# [AIM OF THE EXERCISE]
Return the full listing unchanged, excluding any images it contains.

# [DATA SHOWN]
--*--

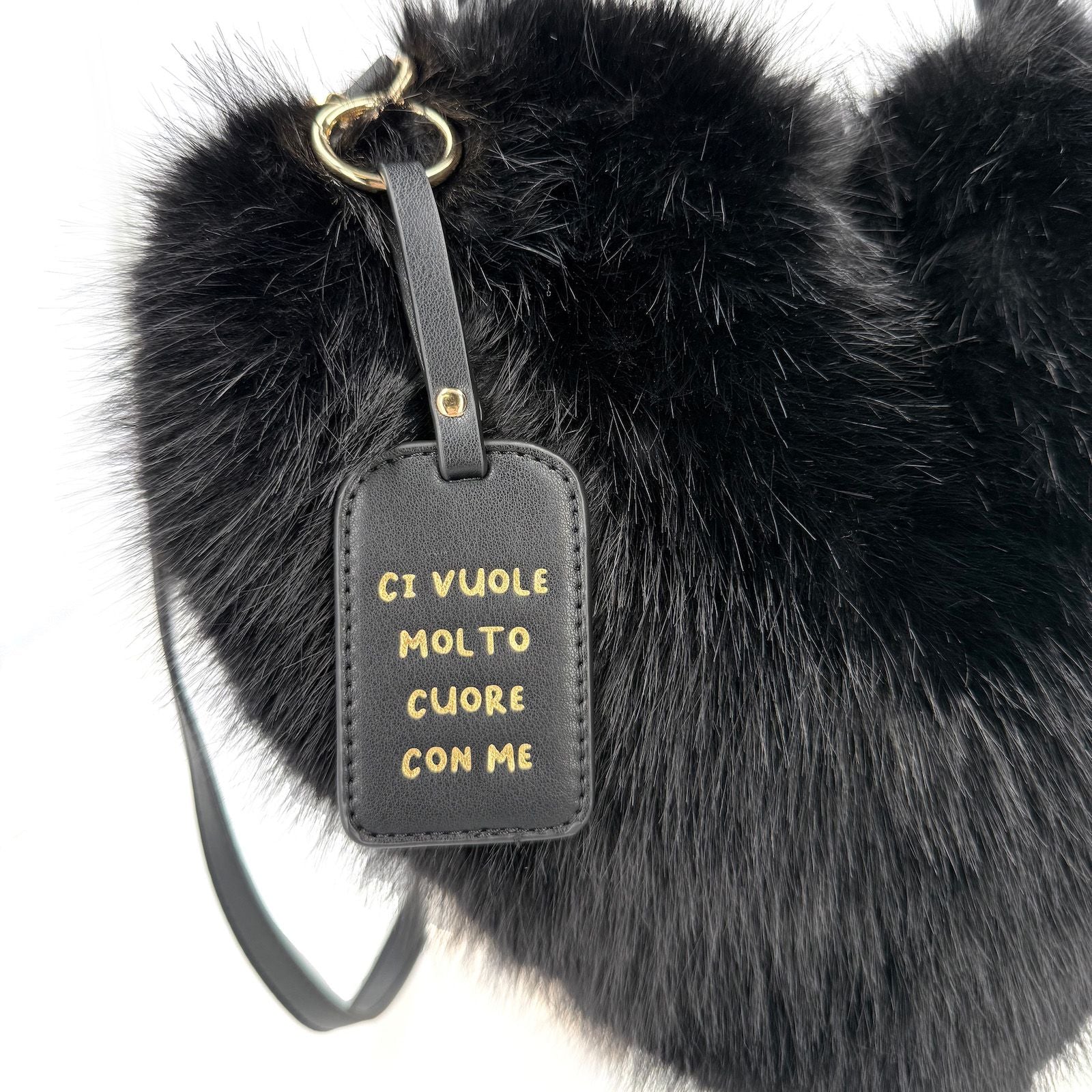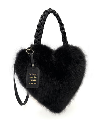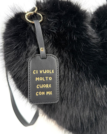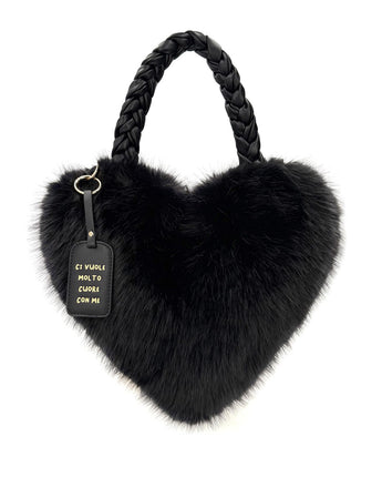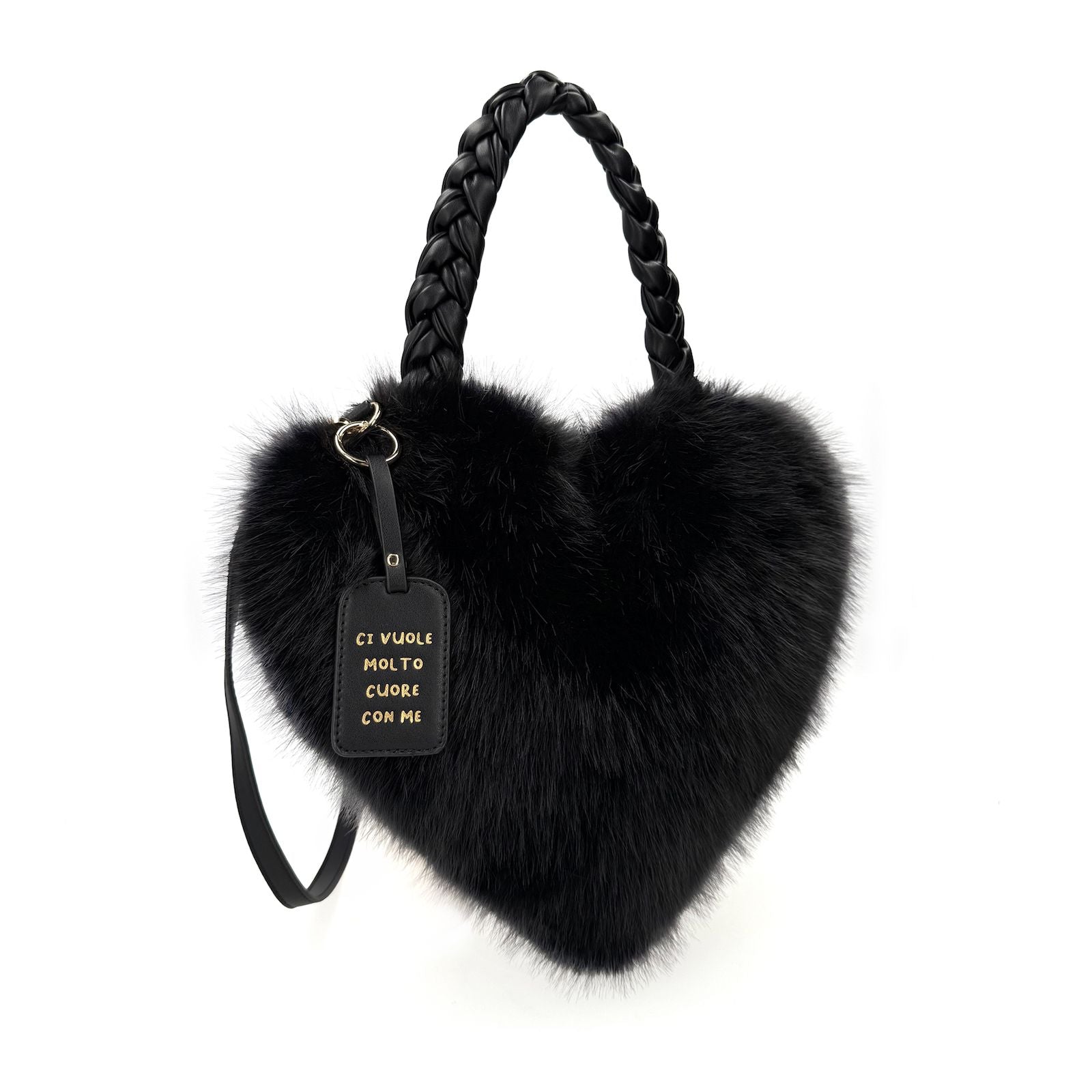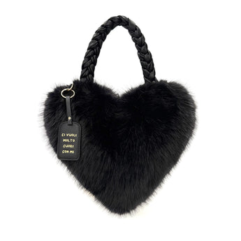 La Borsa a mano Fur Heart è in ecopelliccia, con chiusura a bottone metallico. L'interno è foderato, con taschini porta oggetti. Il manico è in ecopelle intrecciato in tinta. Presenta un ciondolo con riportato il claim " Ci vuole molto cuore con me". Fur Heart è una borsa originale, morbida e alla moda!
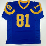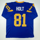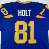 Autographed/Signed Torry Holt St. Louis Retro Blue Football Jersey Beckett BAS COA
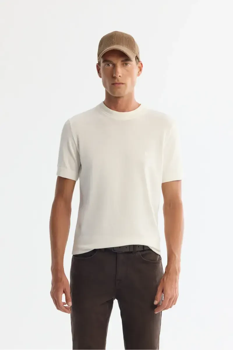 AVVA Erkaklar Ekru Yarim Balıkçı Yaka Qisqa Yengli Triko Futbolka B005025-Ekru, nafislik va qulaylikni birlashtirgan maxsus dizaynga ega. Ushbu triko futbolka yarim balıkçı yaka detali bilan zamonaviy ko'rinish taqdim etadi, yumshoq matosi esa kun bo'yi qulay foydalanish imkonini beradi. Qisqa yengli dizayni, ayniqsa mavsumiy o'tishlarda va yoz oylarida afzal ko'rishingiz mumkin bo'lgan ideal variantdir. Yaka, yeng va etak qismidagi rib to'qima detallari futbolkaning umumiy dizayniga nafislik qo'shadi, ko'krakdagi branding kashtasi esa brendning sifati va o'ziga xosligini ta'kidlaydi. Regular fit standart kesimi har qanday tana tuzilishiga mos keladi va nafis va qulay siluet yaratadi. 70% viskoza va 30% neylon aralashmasi matosi ham chidamlilik, ham qulaylikni ta'minlaydi. Studiya suratga olish jarayonida ranglar yorug'lik farqi tufayli o'zgarishi mumkin, shuning uchun mahsulotning haqiqiy rangi ekrandagi tasvirdan biroz farq qilishi mumkin. Modelning bo'yi 189 sm, ko'kragi 102 sm, beli 83 sm va soni 100 sm, ustidagi namunaviy o'lcham M. Ushbu triko futbolka kundalik foydalanishdan tashqari, yanada maxsus daqiqalarda ham uslubingizni to'ldiradigan ko'p qirrali buyumdir. AVVA sifati bilan ishlab chiqarilgan ushbu triko futbolka garderobingizning ajralmas qismiga aylanishga nomzod. Ham nafis, ham qulay bo'lishni istagan erkaklar uchun ajoyib tanlovdir. Kombinatsiyalash oson tuzilishi tufayli turli xil uslublarga moslashadi va har qanday muhitda e'tiborni tortadi.

--*--

# [EXERCISE OUTPUT]
 La Borsa a mano Fur Heart è in ecopelliccia, con chiusura a bottone metallico. L'interno è foderato, con taschini porta oggetti. Il manico è in ecopelle intrecciato in tinta. Presenta un ciondolo con riportato il claim " Ci vuole molto cuore con me". Fur Heart è una borsa originale, morbida e alla moda!
 Autographed/Signed Torry Holt St. Louis Retro Blue Football Jersey Beckett BAS COA
 AVVA Erkaklar Ekru Yarim Balıkçı Yaka Qisqa Yengli Triko Futbolka B005025-Ekru, nafislik va qulaylikni birlashtirgan maxsus dizaynga ega. Ushbu triko futbolka yarim balıkçı yaka detali bilan zamonaviy ko'rinish taqdim etadi, yumshoq matosi esa kun bo'yi qulay foydalanish imkonini beradi. Qisqa yengli dizayni, ayniqsa mavsumiy o'tishlarda va yoz oylarida afzal ko'rishingiz mumkin bo'lgan ideal variantdir. Yaka, yeng va etak qismidagi rib to'qima detallari futbolkaning umumiy dizayniga nafislik qo'shadi, ko'krakdagi branding kashtasi esa brendning sifati va o'ziga xosligini ta'kidlaydi. Regular fit standart kesimi har qanday tana tuzilishiga mos keladi va nafis va qulay siluet yaratadi. 70% viskoza va 30% neylon aralashmasi matosi ham chidamlilik, ham qulaylikni ta'minlaydi. Studiya suratga olish jarayonida ranglar yorug'lik farqi tufayli o'zgarishi mumkin, shuning uchun mahsulotning haqiqiy rangi ekrandagi tasvirdan biroz farq qilishi mumkin. Modelning bo'yi 189 sm, ko'kragi 102 sm, beli 83 sm va soni 100 sm, ustidagi namunaviy o'lcham M. Ushbu triko futbolka kundalik foydalanishdan tashqari, yanada maxsus daqiqalarda ham uslubingizni to'ldiradigan ko'p qirrali buyumdir. AVVA sifati bilan ishlab chiqarilgan ushbu triko futbolka garderobingizning ajralmas qismiga aylanishga nomzod. Ham nafis, ham qulay bo'lishni istagan erkaklar uchun ajoyib tanlovdir. Kombinatsiyalash oson tuzilishi tufayli turli xil uslublarga moslashadi va har qanday muhitda e'tiborni tortadi.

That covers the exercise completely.